In February 2013, nine months after being hired as a summer intern, Carson became Tantrum's "Director of Corporate Development." One of her duties in that role was to raise money by marketing and selling to investors convertible promissory notes similar to her own.

Also during that February, Carson signed a second Tantrum Employment and Confidential Information Agreement. This agreement had an arbitration clause identical to the one in her first agreement.

During her employment with Tantrum, Carson bought three more such convertible promissory notes, investing a total of $982,000 in Tantrum through the five notes. Each of Carson's notes had a paragraph "9 Event of Default," which provided that:

If [Tantrum] fails to pay when due any principal or interest payment on the due date hereunder, and such payment shall not have been made within 5 days of [Tantrum's] receipt of the Holder's written notice to [Tantrum] of such failure to pay . . . then in any such case then [sic] Majority Holders may, upon written notice to [Tantrum], declare the Notes (including this Note) in default and immediately due and payable in full.
Additionally, her notes defined "Majority Holders" to be the "holders of Notes owning together in excess of 66 2/3% of the aggregate principal amount of the Notes."

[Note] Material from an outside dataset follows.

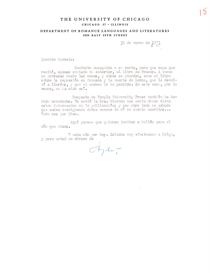 Recibo tu carta acusando recibo del artículito valleinclanesco. Yo en cambio no he recibido (y temo que no recibiré nunca) los números de Insula, pues si, como dice Canito, estoy en la lista desde este año, estamos terminando mayo [sic] y sus hojas no han florecido en mi balcón. No te molestes más, pues se ve que eso no tiene remedio.

As Tantrum's corporate development director, Carson was required to market and sell convertible promissory notes, with these same terms, to other investors. Nonetheless, although she did not hold more than two-thirds of the aggregate outstanding principal amounts due under all such notes at the time, in March 2015, Carson acting alone demanded payment in full of her five convertible promissory notes. When Tantrum refused to pay, Carson quit her job.

B. Procedural History

Carson sued Tantrum on her notes, alleging: (i) suit on notes, (ii) breach of contract, (iii) quantum meruit, and (iv) unjust enrichment. Tantrum answered.

Less than three months after suing Tantrum, Carson moved for summary judgment on her claims. Tantrum responded to Carson's motion and asserted counterclaims against her alleging breach of fiduciary duty, breach of her employment agreements, and other claims. The trial court denied Carson's summary judgment motion.

Carson then moved to compel arbitration of Tantrum's counterclaims. The trial court compelled that requested arbitration over Tantrum's opposition.

Carson amended her pleadings and joined three additional defendants, one of whom she later nonsuited. Her amended petition also added a fraud claim against Tantrum and dropped her quantum meruit claim.

Next, Carson moved the trial court to reconsider her summary judgment motion. Tantrum responded to that reconsideration motion.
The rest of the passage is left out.